I have pinged sites and they show no losses and of course im connected like the title of this thread says under properties it says res://c:\windows\system32\shdoclc.dll/dnserror.htm

[jameson_uk]

Quote:

Originally Posted by welshboy

I have pinged sites and they show no losses and of course im connected like the title of this thread says under properties it says res://c:\windows\system32\shdoclc.dll/dnserror.htm

I would not wory about the file. This is simply the file windows uses to display those error messages in IE. (If you are not connected to the net you would get the same message).
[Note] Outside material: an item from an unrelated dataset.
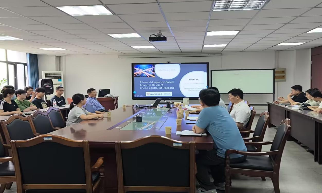 报告前,合肥大学校长任永教授亲切会见刘新芝教授,对学科专业建设、人才引进等方面做了简要交流。随后,在37号楼3楼305会议室,刘新芝教授为我院师生作了题为“Neural-Lyapunov-Based Adaptive Resilient Cruise Control of Platoons subject to Cyber-Attacks”的学术报告,报告由人工智能与大数据学院党委书记牛欣教授主持,科研处副处长王磊教授、数学与统计系和城市建设与交通学院相关专业教师与学生参加此次报告会。

Anyway, it would appear that there is some dodgy spyware on your machine. Having a quick look

Quote:

O4 - HKLM\..\Run: [Windows TM] rundlI32.exe

does not look good and is often linked to the LADE worm (googling should give details of this)

Quote:

O4 - HKLM\..\Run: [Spool] C:\WINDOWS\system32\msvc32.exe

does not look too healthy either.

... there are quite a few others starting ms... which appear dodgy

I see you have Spybot installed, is it updated ?? I am not sure but I guess you are using McAfee or AVG but are they up to date ?? most of this appears to be worm related and I would have thought up to date virus checkers would pick this up.

Also do you have a firewall installed ??